My apologies, this comment was clearly not thought-out.  

Fighting for the right to marry -is- a good thing.  I support the people that are trying to do something about it.  How California and others even got themselves into this situation baffles me.  The protests are a double-edged sword, though. 

The media, the church and the down-right homophobic are going to blow this entire thing out of proportion.  Any protest will be turned into a violent protest.  The police will not testify truthfully.  The church will persecution. 

At the same time, it has a chance to make a difference.  Each fight is another fight for gay rights, but each fight is more fuel the opposing side gets to use against the oppressed minority.  
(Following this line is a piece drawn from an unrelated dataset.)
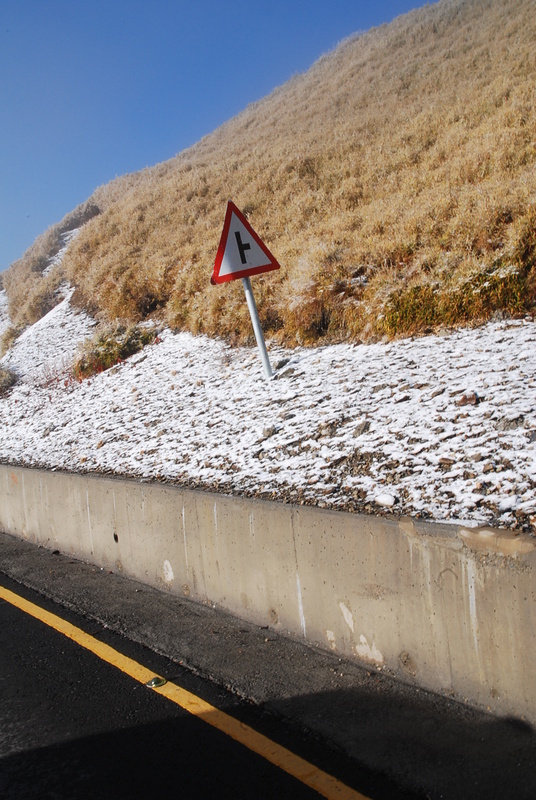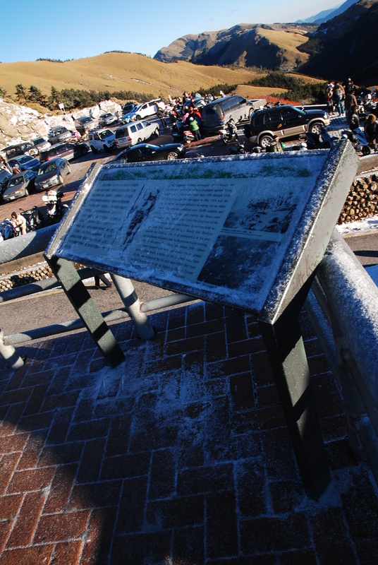 走上武嶺的觀景台,階梯上佈滿了雪,從上面下來的人動作遲緩也摸不著頭緒,
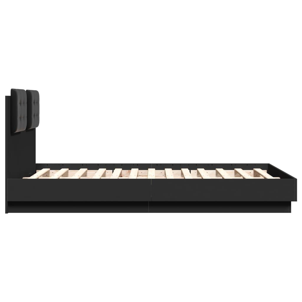 Get a better restful night's sleep from this bed frame with headboard! It makes a welcoming addition to any bedroom. Durable material: The engineered wood is of exceptional quality with smooth surface and also features strength, stability and resistance to moisture.Plywood slats: The plywood slats provide good weight distribution, ensuring that the mattress stays in place with every twist and turn of your body during sleep.Excellent support: The headboard pillow is stuffed with foam for ultra-soft and optimal comfort, providing you with excellent back support while you're sitting up in bed to read or watch TV. Good to know:A mattress is not included with this bed. We do offer a various selection of mattresses. You can check our shop for a matching mattress.

And I can't be too sure there aren't people that think that they're better because they're gay.  They walk and prance like they're royalty and act like they should be placed on a pedestal and waited on hand and foot.  These are the people that should be hated for being gay.  

You have a lisp? Cool.
You flick you wrist? I'll giggle, but there's still no harm done.
Say you're a princess and you're the hottest bitch in pink since musicals? Hate. 
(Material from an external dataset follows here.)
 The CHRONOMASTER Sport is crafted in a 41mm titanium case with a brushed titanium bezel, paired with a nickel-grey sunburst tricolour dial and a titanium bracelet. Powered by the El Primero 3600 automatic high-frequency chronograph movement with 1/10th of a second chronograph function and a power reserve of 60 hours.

I'm all for gay rights.  I'm not always for the way some of these people go about trying to get them.


----------



## Tudd (Nov 17, 2008)

Roland said:


> My apologies, this comment was clearly not thought-out.
> 
> Fighting for the right to marry -is- a good thing.  I support the people that are trying to do something about it.  How California and others even got themselves into this situation baffles me.  The protests are a double-edged sword, though.
> 
> ...



Hate directed towards attention whores is acceptable.


----------



## Takun (Nov 17, 2008)

NewfDraggie said:


> ^ GTFO, troll.
> 
> Name a single homosexual person that's pushing their ways onto straight people.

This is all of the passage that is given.